Items listed in a dataset
□ □ □
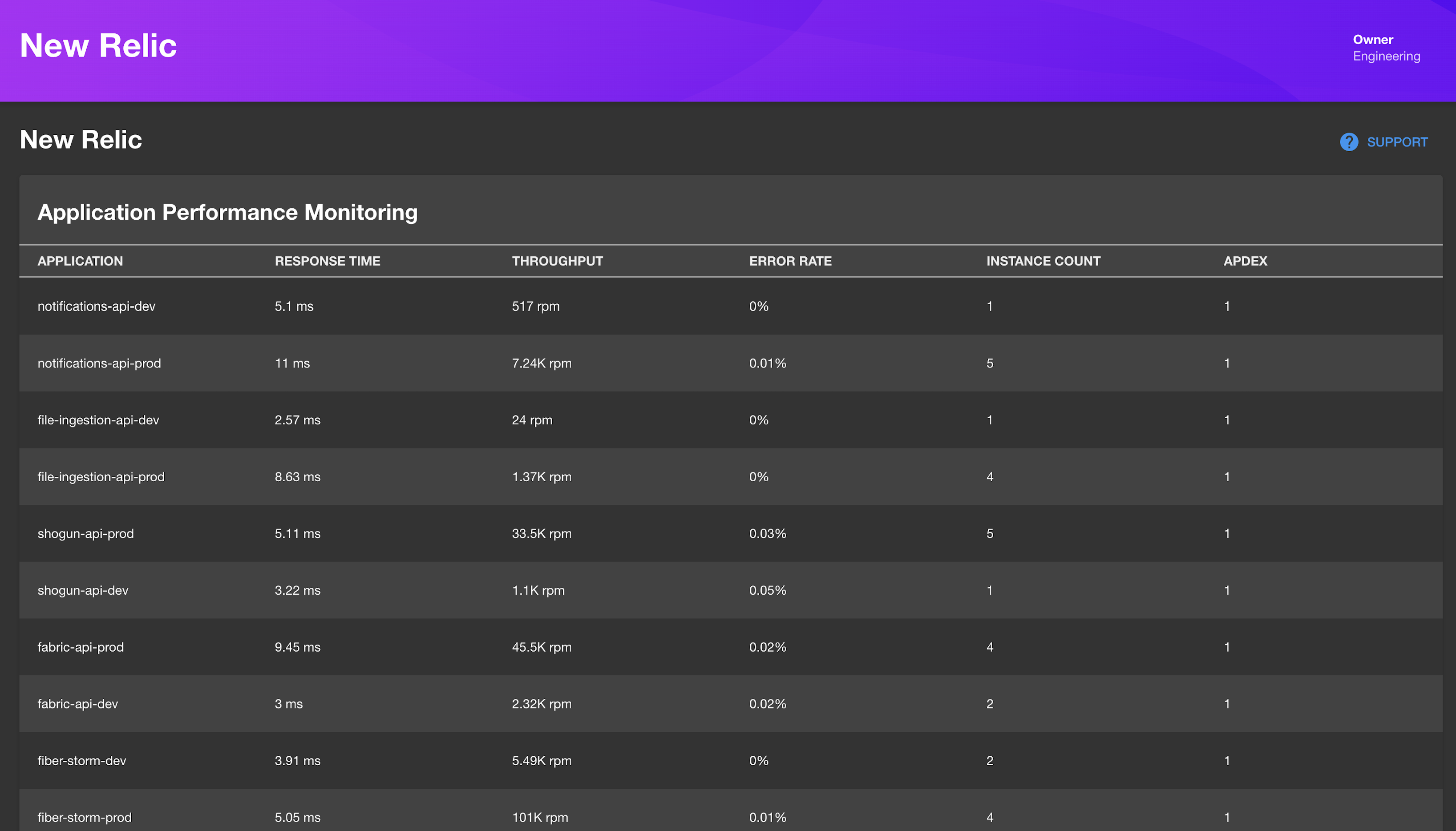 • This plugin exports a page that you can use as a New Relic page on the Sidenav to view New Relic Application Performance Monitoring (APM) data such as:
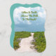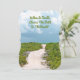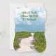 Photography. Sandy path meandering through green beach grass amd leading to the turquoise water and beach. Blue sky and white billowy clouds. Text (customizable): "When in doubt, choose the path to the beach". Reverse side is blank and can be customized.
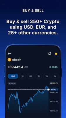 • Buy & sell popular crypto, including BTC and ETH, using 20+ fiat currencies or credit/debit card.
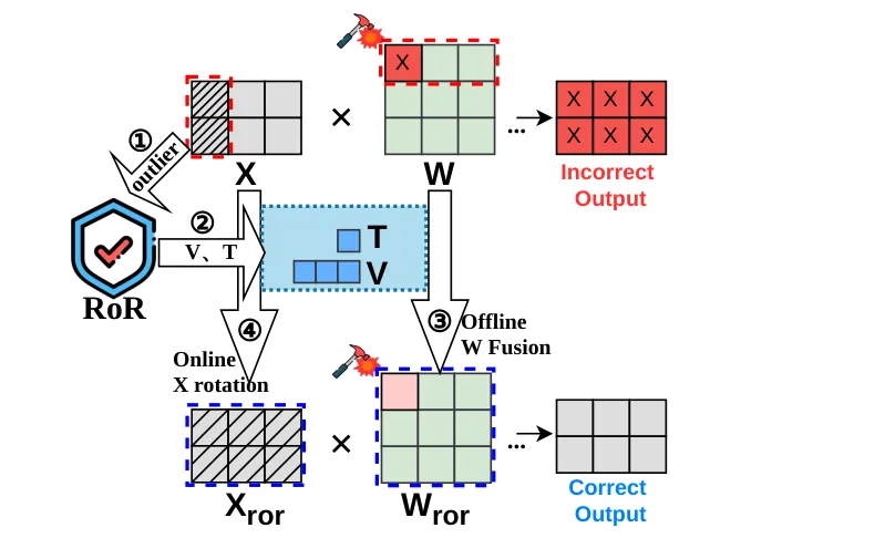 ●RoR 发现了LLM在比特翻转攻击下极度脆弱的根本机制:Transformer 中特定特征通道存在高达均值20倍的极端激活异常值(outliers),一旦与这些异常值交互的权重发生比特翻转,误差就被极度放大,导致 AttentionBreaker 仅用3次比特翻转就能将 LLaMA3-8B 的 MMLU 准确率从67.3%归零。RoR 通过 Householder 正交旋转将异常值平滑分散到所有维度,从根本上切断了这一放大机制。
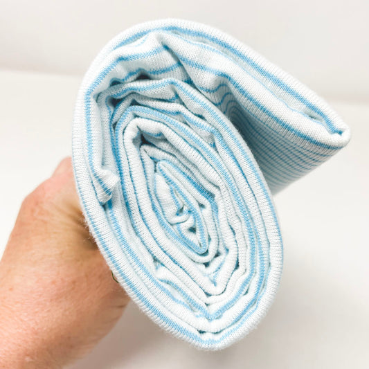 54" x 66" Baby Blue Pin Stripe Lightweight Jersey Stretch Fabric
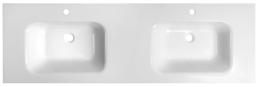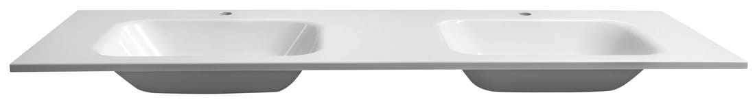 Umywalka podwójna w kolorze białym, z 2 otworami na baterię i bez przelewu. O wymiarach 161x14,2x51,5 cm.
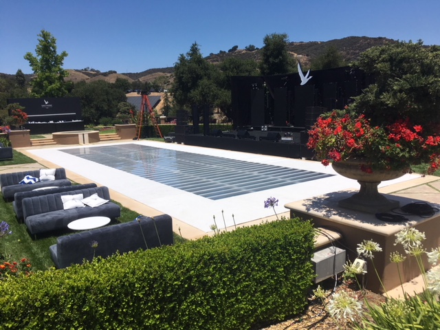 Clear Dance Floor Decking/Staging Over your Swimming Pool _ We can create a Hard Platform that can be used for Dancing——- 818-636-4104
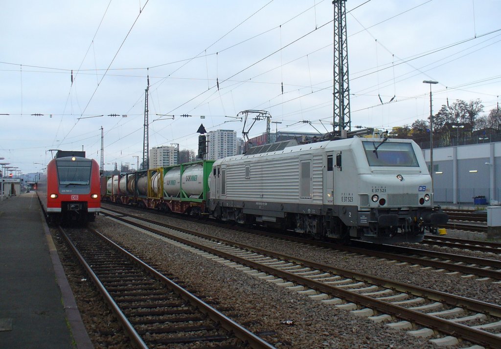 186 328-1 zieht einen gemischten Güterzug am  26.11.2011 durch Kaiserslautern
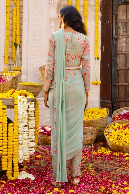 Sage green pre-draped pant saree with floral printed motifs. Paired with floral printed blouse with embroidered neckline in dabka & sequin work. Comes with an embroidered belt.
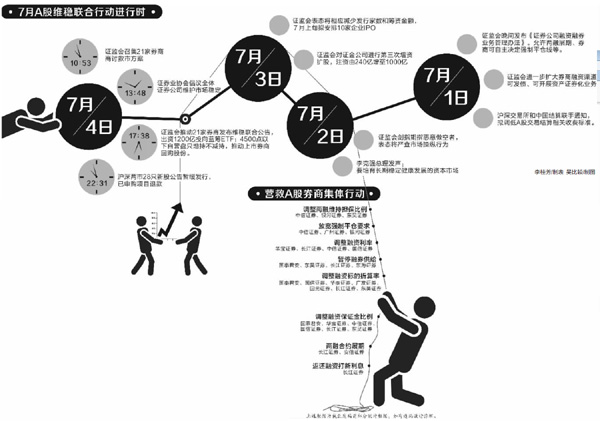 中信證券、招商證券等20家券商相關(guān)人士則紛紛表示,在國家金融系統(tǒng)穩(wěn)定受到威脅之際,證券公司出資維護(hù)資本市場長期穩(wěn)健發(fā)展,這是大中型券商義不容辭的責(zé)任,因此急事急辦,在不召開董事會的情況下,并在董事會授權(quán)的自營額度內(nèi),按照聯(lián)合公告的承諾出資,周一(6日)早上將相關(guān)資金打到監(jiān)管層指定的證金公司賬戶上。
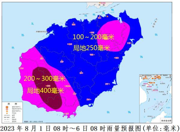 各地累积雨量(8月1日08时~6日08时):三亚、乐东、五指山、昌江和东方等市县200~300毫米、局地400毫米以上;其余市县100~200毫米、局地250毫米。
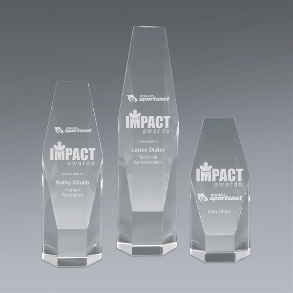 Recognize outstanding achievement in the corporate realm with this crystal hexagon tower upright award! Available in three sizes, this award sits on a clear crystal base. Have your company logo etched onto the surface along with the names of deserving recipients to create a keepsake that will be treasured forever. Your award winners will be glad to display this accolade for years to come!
□ □ □
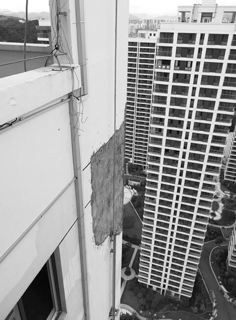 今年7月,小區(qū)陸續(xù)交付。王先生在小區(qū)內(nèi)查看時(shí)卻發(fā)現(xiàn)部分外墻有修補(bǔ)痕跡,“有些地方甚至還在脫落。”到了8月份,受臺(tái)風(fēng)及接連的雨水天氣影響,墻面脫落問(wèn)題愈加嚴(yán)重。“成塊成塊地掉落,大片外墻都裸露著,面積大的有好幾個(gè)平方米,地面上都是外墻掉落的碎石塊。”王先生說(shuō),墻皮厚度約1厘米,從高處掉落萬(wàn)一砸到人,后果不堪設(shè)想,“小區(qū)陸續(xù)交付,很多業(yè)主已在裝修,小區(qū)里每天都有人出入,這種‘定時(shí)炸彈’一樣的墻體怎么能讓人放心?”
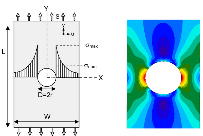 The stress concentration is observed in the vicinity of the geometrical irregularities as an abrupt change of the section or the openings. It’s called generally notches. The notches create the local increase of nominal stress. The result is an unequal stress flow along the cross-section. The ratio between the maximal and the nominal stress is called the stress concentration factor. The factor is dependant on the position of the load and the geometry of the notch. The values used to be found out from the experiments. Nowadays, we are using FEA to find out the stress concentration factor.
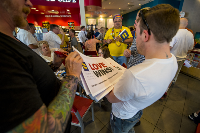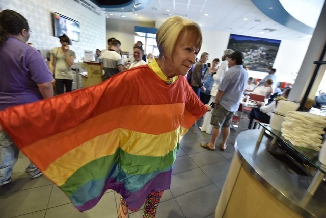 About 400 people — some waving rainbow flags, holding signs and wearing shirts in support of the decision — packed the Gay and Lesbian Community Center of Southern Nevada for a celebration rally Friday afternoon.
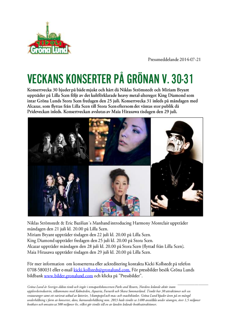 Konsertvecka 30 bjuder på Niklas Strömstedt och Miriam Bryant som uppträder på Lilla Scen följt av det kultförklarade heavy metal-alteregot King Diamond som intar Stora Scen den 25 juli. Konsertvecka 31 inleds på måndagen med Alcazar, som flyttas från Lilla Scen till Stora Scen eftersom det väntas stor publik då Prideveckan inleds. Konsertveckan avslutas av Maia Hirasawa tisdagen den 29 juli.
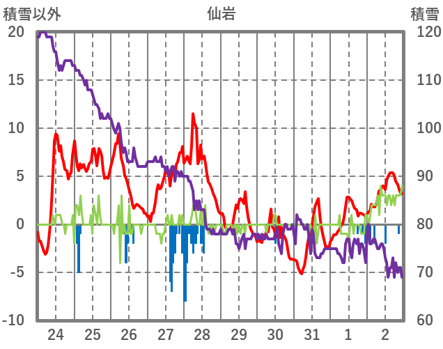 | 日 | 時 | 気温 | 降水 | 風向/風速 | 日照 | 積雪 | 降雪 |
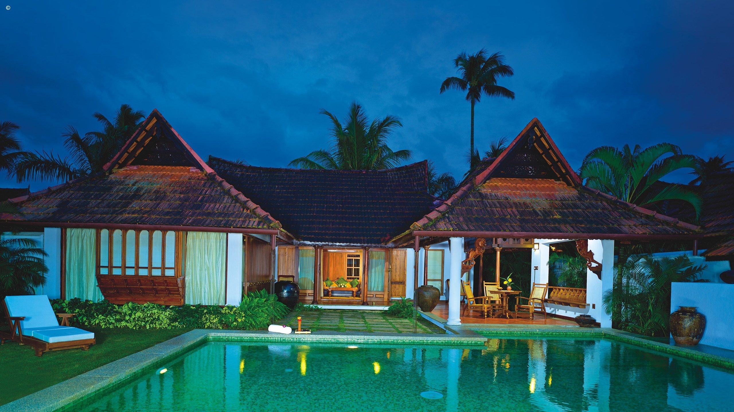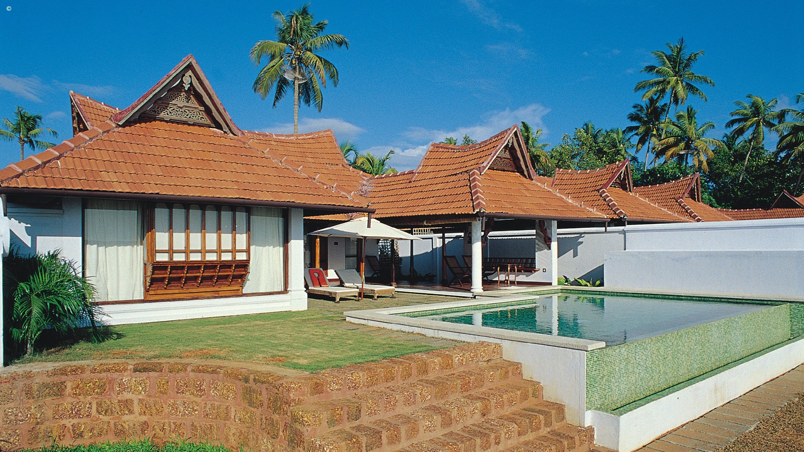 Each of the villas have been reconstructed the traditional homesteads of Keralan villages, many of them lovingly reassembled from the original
□ □ □
> [About this task]:
Take the lines above starting at the one containing "This plugin exports" and ending at the one containing "各地累积雨量(8月1日08时", and print them again exactly, without pictures.

> [Output of the exercise]:
 • This plugin exports a page that you can use as a New Relic page on the Sidenav to view New Relic Application Performance Monitoring (APM) data such as:
 Photography. Sandy path meandering through green beach grass amd leading to the turquoise water and beach. Blue sky and white billowy clouds. Text (customizable): "When in doubt, choose the path to the beach". Reverse side is blank and can be customized.
 • Buy & sell popular crypto, including BTC and ETH, using 20+ fiat currencies or credit/debit card.
 ●RoR 发现了LLM在比特翻转攻击下极度脆弱的根本机制:Transformer 中特定特征通道存在高达均值20倍的极端激活异常值(outliers),一旦与这些异常值交互的权重发生比特翻转,误差就被极度放大,导致 AttentionBreaker 仅用3次比特翻转就能将 LLaMA3-8B 的 MMLU 准确率从67.3%归零。RoR 通过 Householder 正交旋转将异常值平滑分散到所有维度,从根本上切断了这一放大机制。
 54" x 66" Baby Blue Pin Stripe Lightweight Jersey Stretch Fabric
 Umywalka podwójna w kolorze białym, z 2 otworami na baterię i bez przelewu. O wymiarach 161x14,2x51,5 cm.
 Clear Dance Floor Decking/Staging Over your Swimming Pool _ We can create a Hard Platform that can be used for Dancing——- 818-636-4104
 186 328-1 zieht einen gemischten Güterzug am  26.11.2011 durch Kaiserslautern
 Sage green pre-draped pant saree with floral printed motifs. Paired with floral printed blouse with embroidered neckline in dabka & sequin work. Comes with an embroidered belt.
 中信證券、招商證券等20家券商相關(guān)人士則紛紛表示,在國家金融系統(tǒng)穩(wěn)定受到威脅之際,證券公司出資維護(hù)資本市場長期穩(wěn)健發(fā)展,這是大中型券商義不容辭的責(zé)任,因此急事急辦,在不召開董事會的情況下,并在董事會授權(quán)的自營額度內(nèi),按照聯(lián)合公告的承諾出資,周一(6日)早上將相關(guān)資金打到監(jiān)管層指定的證金公司賬戶上。
 各地累积雨量(8月1日08时~6日08时):三亚、乐东、五指山、昌江和东方等市县200~300毫米、局地400毫米以上;其余市县100~200毫米、局地250毫米。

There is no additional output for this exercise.